(EXERCISE AIM): Restate, exactly as written, the entries below from the line that holds "Además, cuento con" through the line that holds "Покладіть заготовку фаршированої". Pictures are not part of the copy.

(MATERIAL FOR THE TASK):
-- -- --

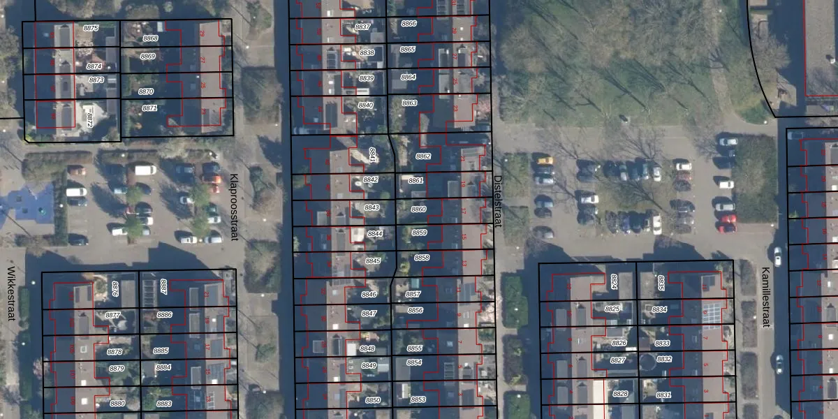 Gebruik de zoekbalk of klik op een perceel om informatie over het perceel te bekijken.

-- -- --

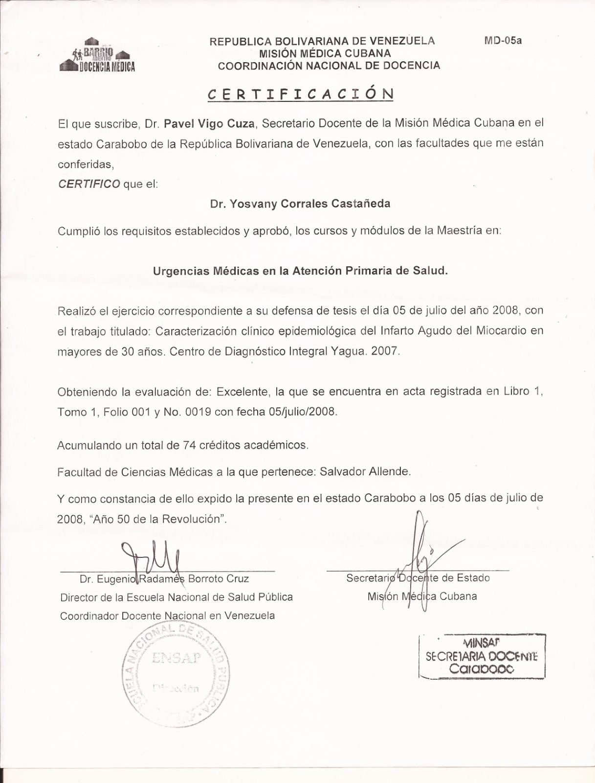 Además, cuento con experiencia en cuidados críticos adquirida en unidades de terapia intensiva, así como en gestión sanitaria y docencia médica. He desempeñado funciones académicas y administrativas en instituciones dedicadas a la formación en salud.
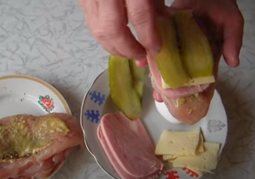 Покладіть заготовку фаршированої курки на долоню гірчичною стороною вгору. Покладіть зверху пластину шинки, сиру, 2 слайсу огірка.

-- -- --

(TASK SOLUTION):
 Además, cuento con experiencia en cuidados críticos adquirida en unidades de terapia intensiva, así como en gestión sanitaria y docencia médica. He desempeñado funciones académicas y administrativas en instituciones dedicadas a la formación en salud.
 Покладіть заготовку фаршированої курки на долоню гірчичною стороною вгору. Покладіть зверху пластину шинки, сиру, 2 слайсу огірка.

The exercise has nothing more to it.